In-season Management
When early sales signals emerge or new trends catch fire, embedding-based models can rapidly adjust forecasts across similar items, enabling proactive inventory management.
Implementation Challenges and Technical Requirements for Newness Forecasts
Implementing embeddings effectively requires specific technical capabilities and machine learning expertise. Not all model architectures can effectively utilize embeddings — they're best suited for advanced neural network architectures like transformers, convolutional neural networks (CNNs), and certain types of recurrent neural networks (RNNs).
Traditional statistical models and basic machine learning approaches like random forests or linear regression cannot learn embedding vectors (although in certain cases they can use embeddings as inputs). Even with compatible model architectures, significant expertise is required to:
- Design appropriate embedding dimensions and training approaches
- Handle the computational complexity of embedding-based models
- Integrate embedding signals with other demand drivers
- Validate and interpret model outputs
How Syrup Enables Brands to Improve Newness Forecasting with Embeddings
Syrup has developed sophisticated systems to help apparel/footwear retailers leverage the power of embeddings without building complex technical infrastructure. Our approach addresses key implementation challenges.

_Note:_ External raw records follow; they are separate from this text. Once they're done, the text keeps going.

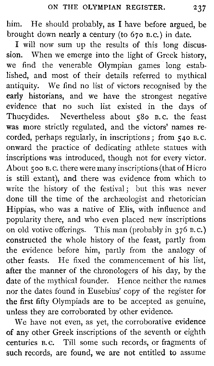 I will now sum up the results of this long discussion. When we emerge into the light of Greek history, we find the venerable Olympian games long established, and most of their details referred to mythical antiquity. We find no list of victors recognised by the early historians, and we have the strongest negative evidence that no such list existed in the days of Thucydides. Nevertheless about 580 B.C. the feast was more strictly regulated, and the victors' names recorded, perhaps regularly, in inscriptions; from 540 B.C. onward the practice of dedicating athlete statues with inscriptions was introduced, though not for every victor. About 500 B.C. there were many inscriptions (that of Hiero is still extant), and there was evidence from which to write the history of the festival; but this was never done till the time of the archæologist and rhetorician Hippias, who was a native of Elis, with influence and popularity there, and who even placed new inscriptions on old votive offerings. This man (probably in 376 B.C.) constructed the whole history of the feast, partly from the evidence before him, partly from the analogy of other feasts. He fixed the commencement of his list, after the manner of the chronologers of his day, by the date of the mythical founder. Hence neither the names nor the dates found in Eusebius' copy of the register for the first fifty Olympiads are to be accepted as genuine, unless they are corroborated by other evidence.
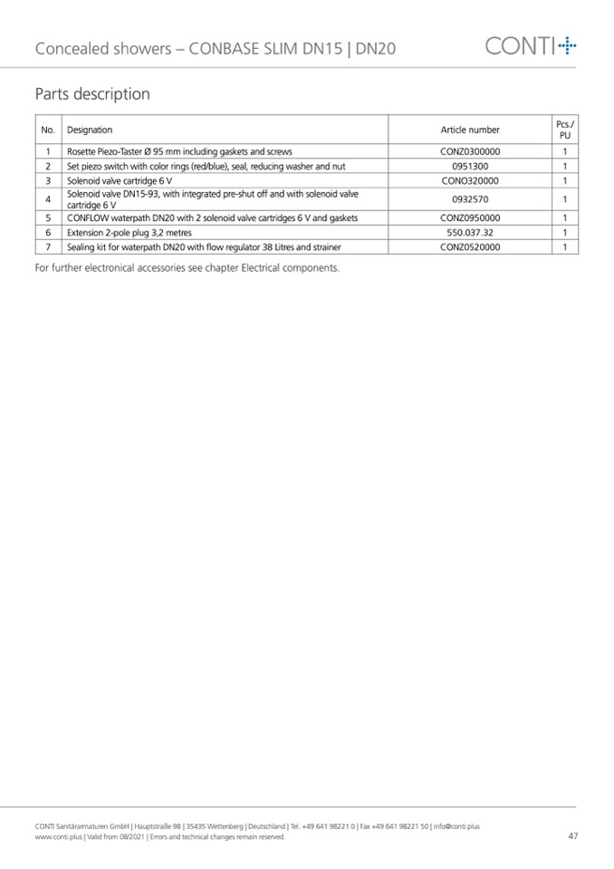 CONTI Sanitärarmaturen GmbH | Hauptstraße 98 | 35435 Wettenberg | Deutschland | Tel. +49 641 98221 0 | Fax +49 641 98221 50 | info@conti.plus
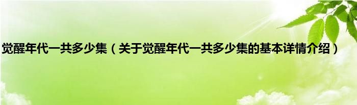 本文关于觉醒年代一共多少集的基本详情介绍就讲解完毕,希望对大家有所帮助。
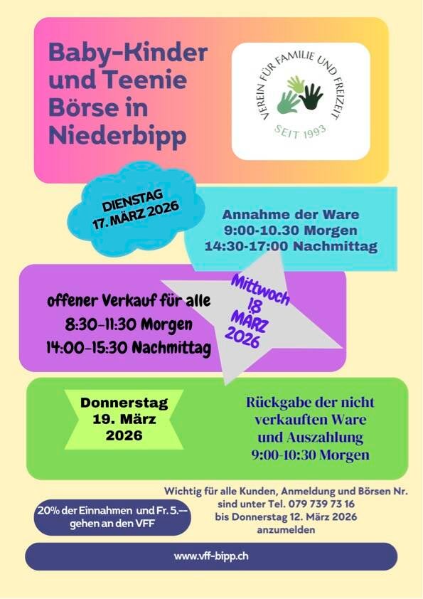 Die Kinderkleiderbörse findet zweimal im Jahr im Räberhus in Niederbipp statt. Besuche unsere grosse und beliebte Börse:
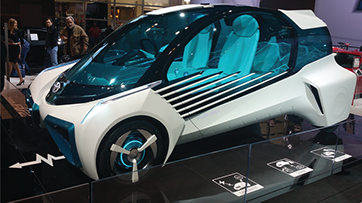 Toyota concept cars showed future integrated technology ideas. This Toyota FCV+ is a hydrogen fuel call vehicle.
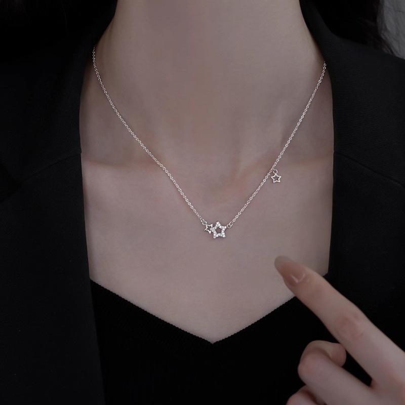 Colar Estrela Perseguindo Sonhos 2025 Novo Modelo Prata Luxo Leve Nicho Design High-End Aço Titânio Não Desbota Corrente Clavícula Atacado
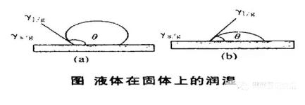 接觸角就是停留在固體表面的液滴,形成固、液、氣三個界面,做氣/液界面的切線,與經(jīng)過液體內(nèi)部和固體表面的夾角。
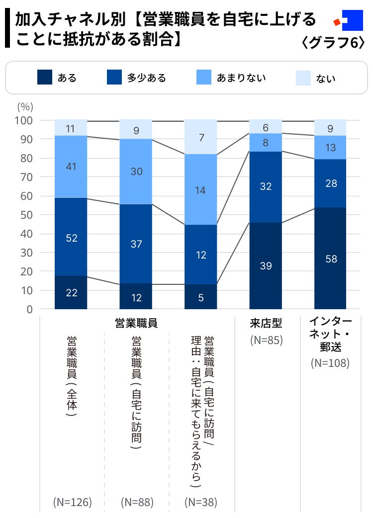 一方で、自宅に訪問した営業職員から加入している方でも半数以上は、営業職員を自宅に招くことに抵抗がある、または、多少あると回答しており、さらに、「自宅に来てもらえるから」を理由に上げている方についても4割強は営業職員を自宅に招くことに「全く抵抗がないわけではない」ことも分かりました(グラフ6)。このことから、自宅に営業職員を招くことに多少の抵抗はあるものの、それ以上のメリットを感じている方が一定数いることが読み取れます。
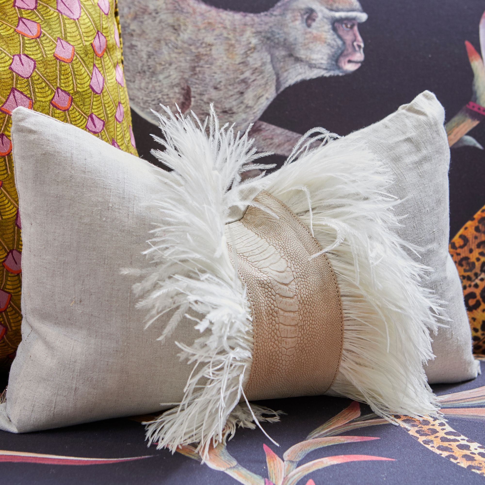 Ikhaya Africa's contemporary "Safari chic" designs feature a unique mix of exotic materials - from ostrich eggs to porcupine quills to feathers to game hides.
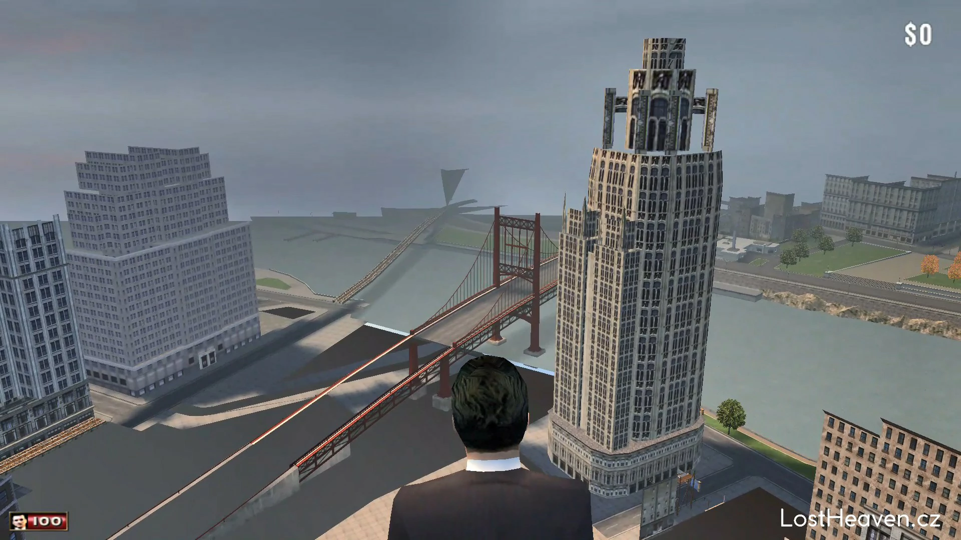 Tato šedobílá výšková budova je pouhou kulisou. Nemá žádný interiér
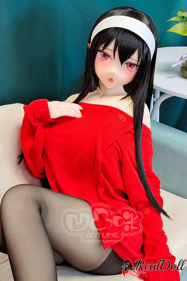 An anime style girl in a white hairband, red jumper and black stockings stands in front of a large window, looking out at the city below. She is about 16 years old, with long, flowing black hair and large, expressive eyes. Her skin is pale, and her features are delicate. She is wearing a simple red jumper that hugs her curves, and black stockings that accentuate her long legs. She is wearing a white hairband that keeps her hair out of her face. The girl is beautiful, but she also looks sad. She is lost in thought, and her expression is one of longing. Anime sex doll is clearly dreaming of something, or someone, that is not here. Perhaps she is thinking of a faraway home, or a lost love. Whatever she is thinking about, it is clear that she is not happy.
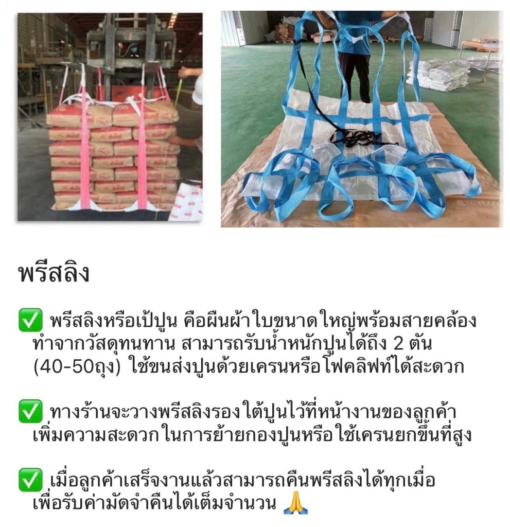 หากสั่งปูนซีเมนต์ถุง 40 กก. หรือ 50 กก. รวมกัน 2 ตันขึ้นไป ทางร้านจะจัดส่งโดยวางบนพรีสลิง หรือเป้ปูน เพื่อความสะดวกในการขนย้ายโดยรถเครน โดยลูกค้าจะต้องชำระค่ามัดจำพรีสลิงตามจำนวนที่ใช้งานจริง เช่น สั่งปูน 2 ตันจะต้องมัดจำพรีสลิง 1 เส้น สั่งปูน 6 ตันจะต้องมัดจำพรีสลิง 3 เส้น เป็นต้น หากลูกค้าใช้งานเสร็จแล้วสามารถนำพรีสลิงมาคืนที่ร้าน หรือโทรเรียกให้ทางร้านเข้าไปเก็บพรีสลิงคืนถึงหน้างาน เพื่อรับเงินมัดจำคืนได้เต็มจำนวน
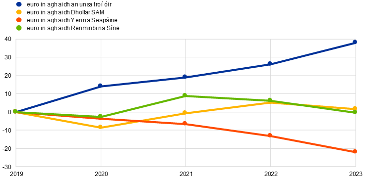Tháinig méadú €2.7 billiún go €30.4 billiún ar luach coibhéiseach euro shealúchais óir agus infháltais óir BCE in 2023 (Cairt 4) i ngeall, go príomha, ar mhéadú ar phraghas margaidh an óir i dtéarmaí euro. De bharr an ardaithe seo freisin bhí ardú coibhéiseach i gcuntais athluachála óir BCE (féach Roinn 1.3.2 “Glanchothromas”). De bhreis air sin, nuair a ghlac an Chróit an t‑airgeadra aonair le héifeacht ón 1 Eanáir 2023, d’aistrigh Hrvatska narodna banka ór dar luach €96 mhilliún chuig BCE.
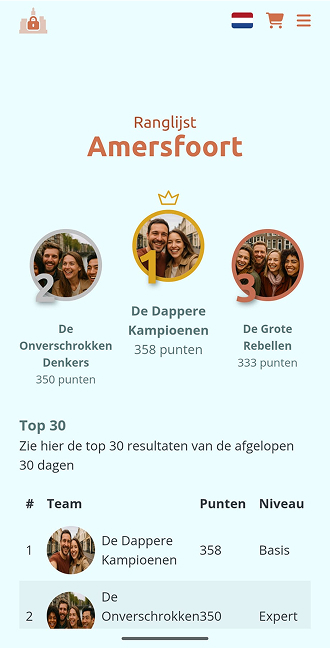 Aan het einde van de tour hebben jullie alle raadsels opgelost en het mysterie ontrafeld. Op het scherm verschijnt jullie score, samen met jullie teamfoto en naam op het digitale scorebord.
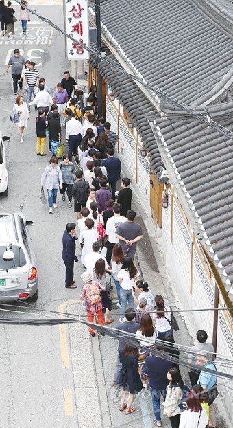 초복을 하루 앞둔 11일 서울 종로구의 한 삼계탕 전문점 앞에 손님들이 줄지어 서 있다.
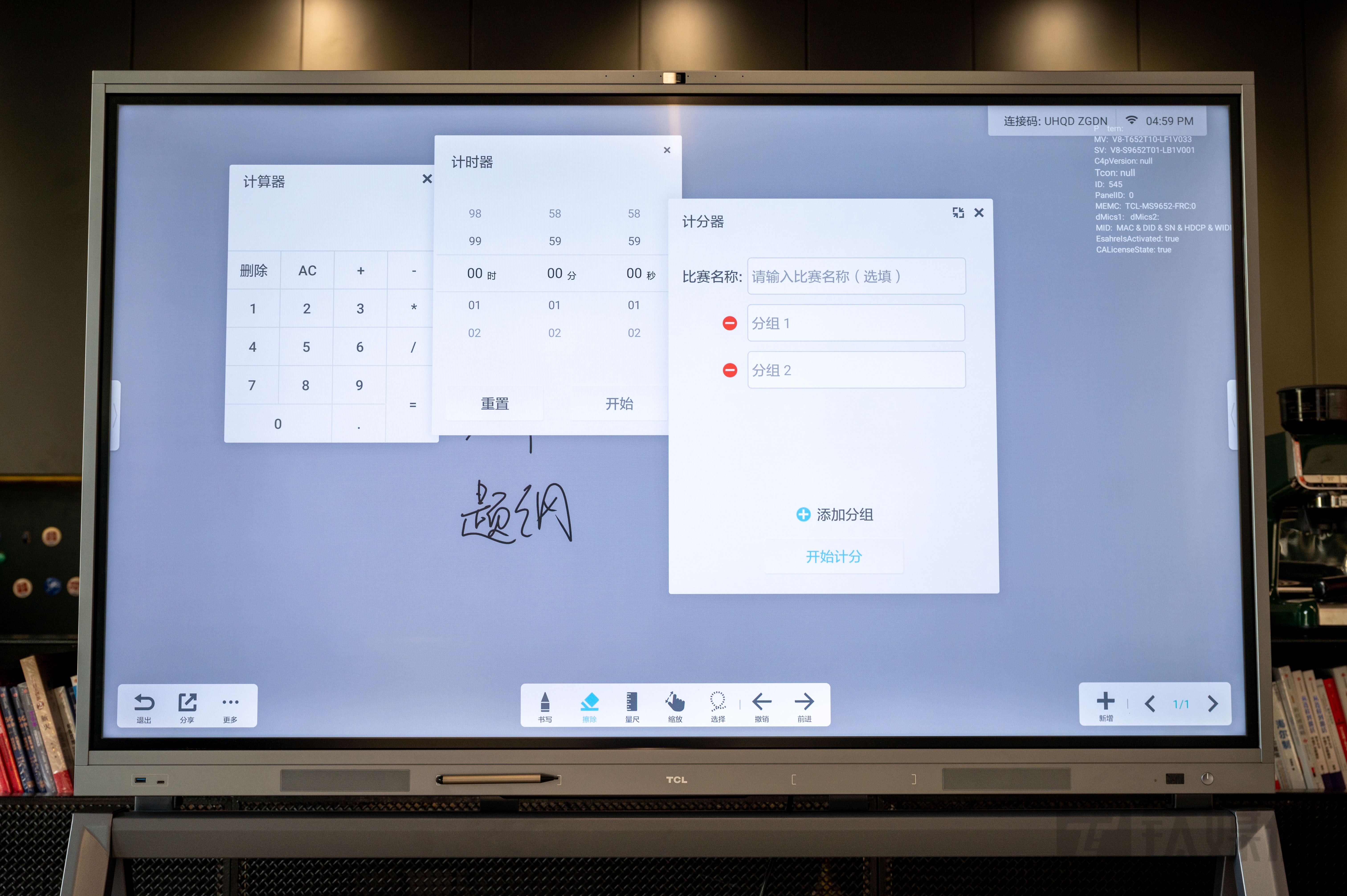 在系统应用层面,IFP65V50的表现与目前多数办公大屏基本一致,比较特别的一点是,TCL作为主机厂而非软件服务商的身份,使得它并没有内置的在线会议软件。同时这也意味着将选择权交给了用户,你可以在同一台机器内将腾讯会议、ZOOM、钉钉等主流的软件全部安装其中,只需要根据客户或者联络人的需求选用即可。

First, we maintain high data quality standards through automated cleaning and standardization processes for product data and images. This ensures consistent, reliable embedding generation across diverse product catalogs.
Next, we are flexible — one size fits all is not a good data science strategy. When appropriate, our team leverages best in class open source models to augment our non-NN models. These tools are proven to deliver results, and when combined with our configurable models, we have found great success meeting the needs of our customer base.
But we also have the infrastructure to train our own embeddings. Our Large Demand Sensing Model (LDSM) is a neural network that combines multiple embedding types with traditional demand signals, creating a comprehensive view of product relationships and demand drivers. This sophisticated neural network architecture is specifically designed to train and generate embedding vectors effectively.
Finally, we work closely with merchandising teams to validate embedding-related insights, ensuring our models are capturing meaningful product relationships while maintaining the ability to scale across large assortments.
By partnering with Syrup, retailers can drastically improve their newness forecasting approach. We offer access to state-of-the-art embedding-based forecasting — a system that would be incredibly challenging for any brand to develop internally. And our platform delivers the benefits of advanced AI while integrating seamlessly with existing planning processes. It’s a win-win for merchandising and tech teams hoping to improve business performance.